Mendigávamos, ainda, a paz daquela colheita que demonstrava-se faminta, contudo, parecia inútil. A nossa atitude rasante e derradeira foi quando envolvemos 2/4 do esteio com tecidos e já se encontravam os seres aconchegados no quente e cálido corpo da mamãe cão.

Depois do calor dos nascimentos, uma ideia sem melhores precedentes furtou-se da timidez e insegurança e entalhou-se na boca de meu marido. As crias e mamãe Tigresa foram guarnecidos em uma humilde casinha. A casinha era do Bike -o cachorro do meu amor-, que tinha insculpida no chão de cimento o nome do antigo dono, era pequena, coberta com telha de barro e gradeada com tranca e tudo o mais, como casa de gente. Ali, mamãe Tigresa contava com água e ração a seu alcance e a grande maioria mamava como nunca, enquanto um ou outro tentava um peito livre. Tudo ficou bem e a casa foi comer, conversar e sorrir.

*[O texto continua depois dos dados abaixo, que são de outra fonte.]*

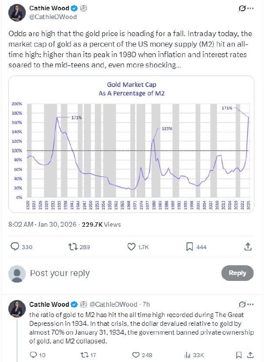 伍德表示:"金价下跌的可能性很高。今天盘中,黄金市值占美国货币供应量(M2)的比例创下历史新 高:高于1980年的峰值,当时通胀率和利率飙升至15%以上,而且更令人震惊的是……黄金与 M2 的比 率已达到自 1934 年大萧条时期以来的最高值。在那场危机中,1934 年 1 月 31 日,美元相对于黄金贬 值了近 70%,政府禁止了私人持有黄金的行为,而 M2 则大幅缩水。" 方舟投资管理公司创始人凯茜·伍德周四在社交平台X上发布一连串帖子,对黄金的泡沫风险发出警告。 伍德接着写道:"今天的美国经济与上世纪70年代两位数通胀高企的时期,或是上世纪30年代通缩萧条 的时期截然不同。诚然,外国央行多年来一直在减少对美元的依赖;然而,10年期美国国债收益率在 2023年末达到5%的峰值,而现在已降至4.2%。" 伍德总结称:"虽然抛物线式的走势往往会将资产价格推高到超出大多数投资者预期的水平,但这种惊 人的飙升通常发生在周期的末期。我们认为,当前的泡沫不在人工智能领域,而是在黄金领域。美元的 上涨可能会戳破这个泡沫,就像 1980 年至 2000 年期间那样,当时黄金价格下跌了超过 60%。" 伍德表示:"金价下跌 ...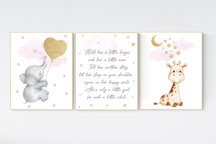 Nursery wall art girl, pink, purple and gold nursery, elephant nursery art, quote nursery, cloud and stars, baby room decor for girls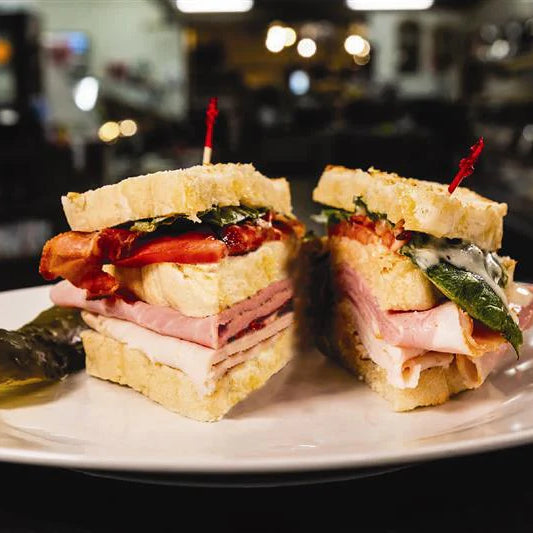 Grab a bite to satisfy your hunger with this deliciously loaded sandwich! Generous portions of ham, turkey and bacon with tomato, lettuce and chedd...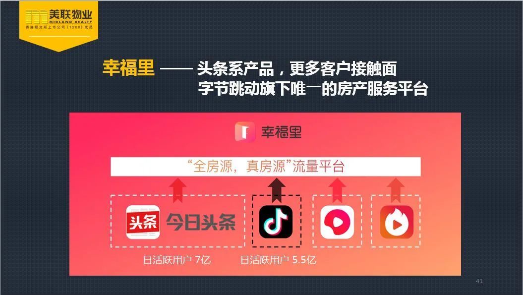 贾铭: 幸福里的未来,可能需要更强力度的自主创新,而不来自一味的行业跟随与模仿。 字节有抖音这样的革命性产品,房产领域是不是应该有视频信息整合更为得当的信息交流模式? 社区大妈和小区保安、房产租客能不能服务于房产交易的价值链(并分享其中的收益)?这些方向上,需要字节系、需要幸福里更大的释放创造力。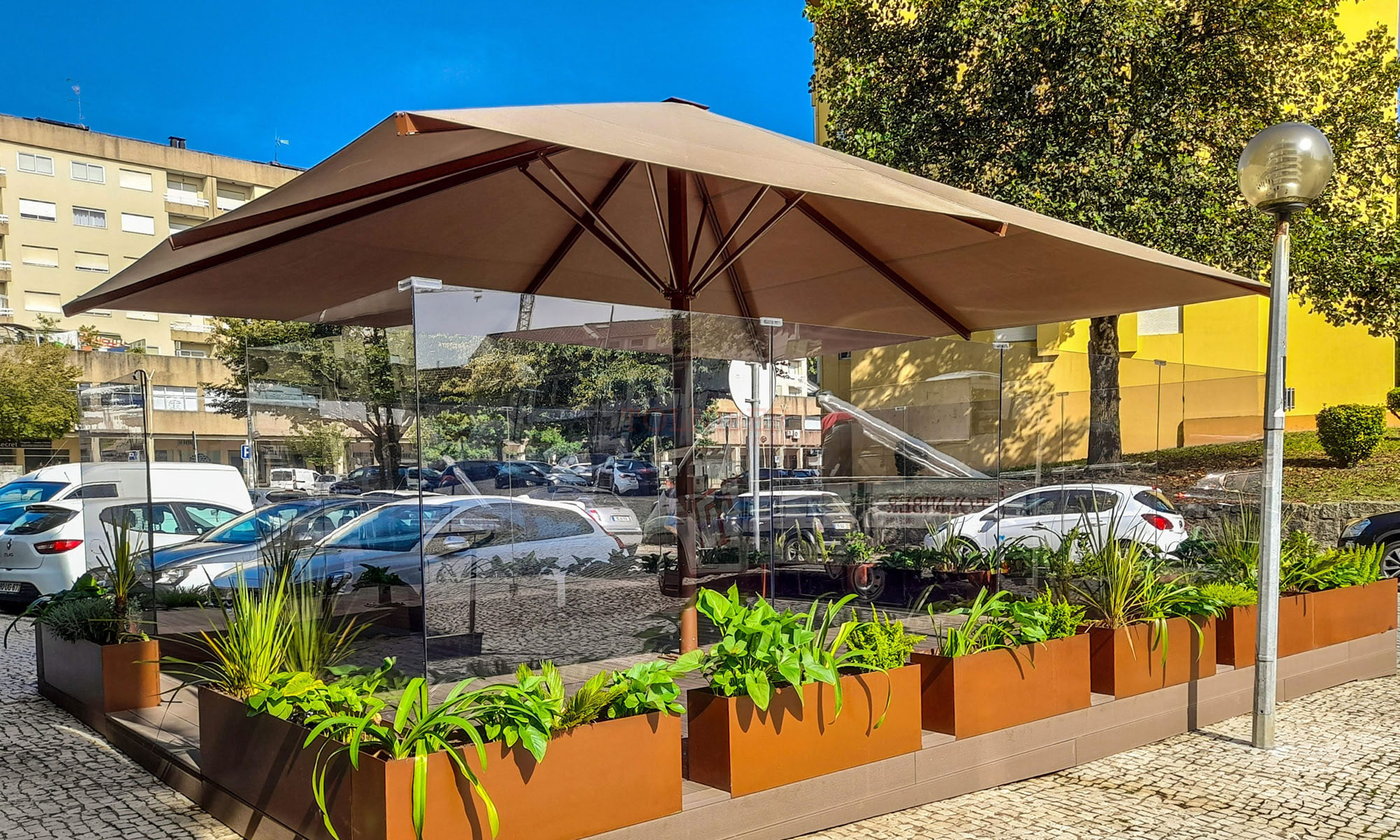 Para espaços de grandes dimensões. Trata-se de um upgrade do modelo Shadows, para poder ser aplicado a esplanadas e terraços de grande dimensão, garantindo o minimalismo e as linhas retas que a gama representa.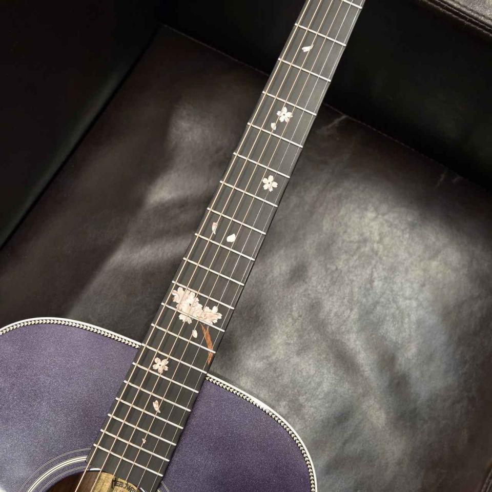 2025年 One Day Guitar Show の”冬夜桜” 冬に咲く桜をモチーフとしたモデル。本モデルは冬の夜をイメージした”冬夜桜”のデザインを施しています。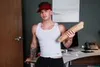 Carter Woods tries the food delivery guy's footlong
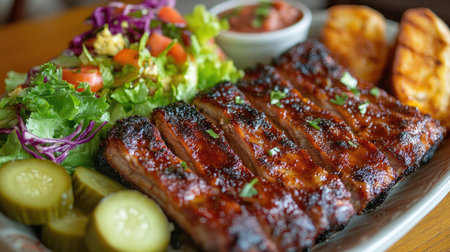 A mouthwatering plate featuring succulent barbecue ribs, fresh salad, and tangy pickles. Perfect for food lovers seeking vibrant flavors and textures.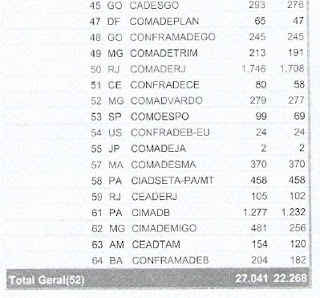 Cito, de início, mais seis que formalmente estão com a chapa oponente: CEADEMA (Maranhão); CEADER (Rio de Janeiro), COMADERJ (Rio de Janeiro), COMADETRIM (Minas Gerais – Triângulo Mineiro), COMADVARDO (Minas Gerais – Vale do Aço) e CIADESCP (Santa Catarina).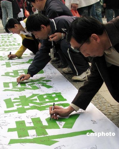 圖:北京大學(xué)生參加綠色奧運簽名活動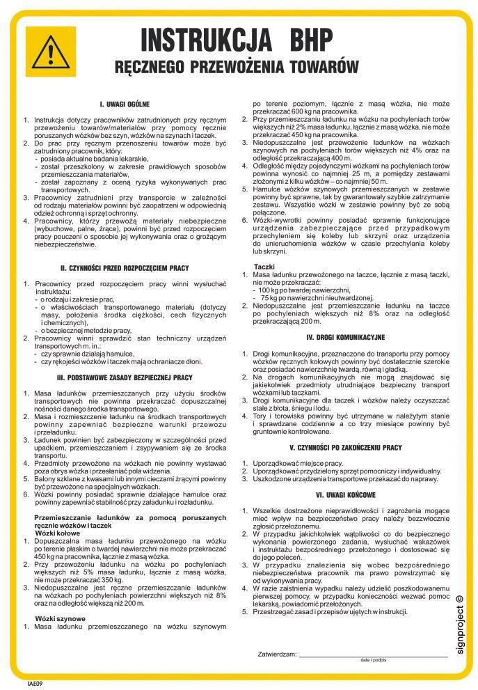 Iae09 Instrukcja Bhp Ręcznego Przewożenia Towarów, Pn - Płyta Pcv 1Mm (245X350Mm) Twardogóra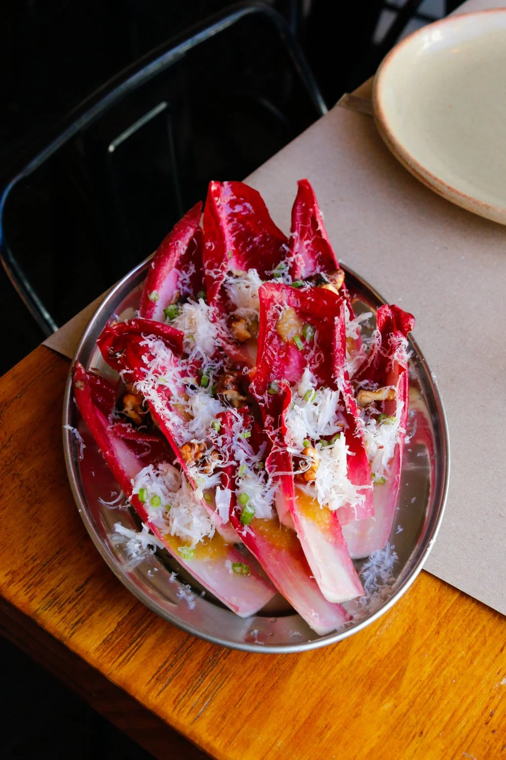 A metal bowl of sliced radishes topped with shredded cheese, chopped green onions, and sauce on a wooden table with a beige paper placemat.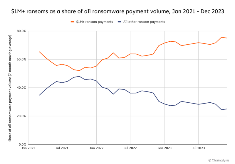 В целом, охота на крупную дичь стала доминирующей стратегией за последние несколько лет, при этом все большая и большая доля всего объема платежей за программы-вымогатели приходится на выплаты в размере 1 миллиона долларов и более.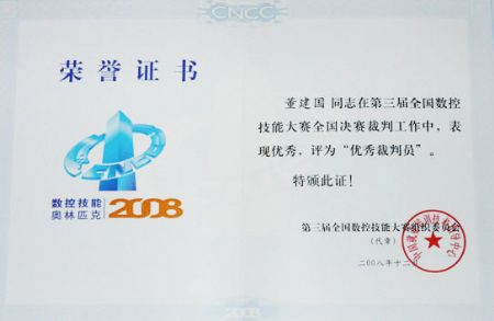 | 董建国老师在2008年在全国数控技能大赛中被评为优秀裁判员 | |

Mais tarde, a noite já latejava seu manto negro sobre o céu quando minha cunhada, com semblante preocupado pediu que meu amor fosse até a casinha e ‘curiasse’ os recém chegados. Fomos até lá, munidos de duas lanternas que não ajudavam tanto quanto a visão noturna, mas acompanhava bem a nossa missão. Encontramos um negro pequeno distante e sonolento, que, nem o enjoo da esguia pata da mamãe Tigresa estirada sobre o tal preguiçoso filhote parecia desanimá-lo de cair de boca no sono. Os demais pareciam lutar por comida, apesar de nenhuma resistência oferecida pela mamãe cão que, de repente se levantou e recostou-se em outro canto da casinha, cansada. Assustada, não consegui pensar em mais nada, além de abrir a portinhola do abrigo, ação gerida e realizada por meu marido. Foi quando, depois da última olhada em sua ninhada, mamãe Tigresa direcionou-se para efetuar sua fuga. Tranquilamente ela saiu, depois, lépida e fagueira saltava timidamente pelo quintal misto de gramado e areia. Pensamos que ela não ia mais voltar ao seu posto, mas, depois de reservar-se às necessidades fisiológicas, mamãe Tigresa, serenamente, tornou a seu ninho e acomodou-se junto aos pequenos cãezinhos, carinhosamente. Eu fiquei –mais uma vez- meio alucinada e ao mesmo tempo feliz com o tamanho caráter daquela mãe, inteligentemente, cão.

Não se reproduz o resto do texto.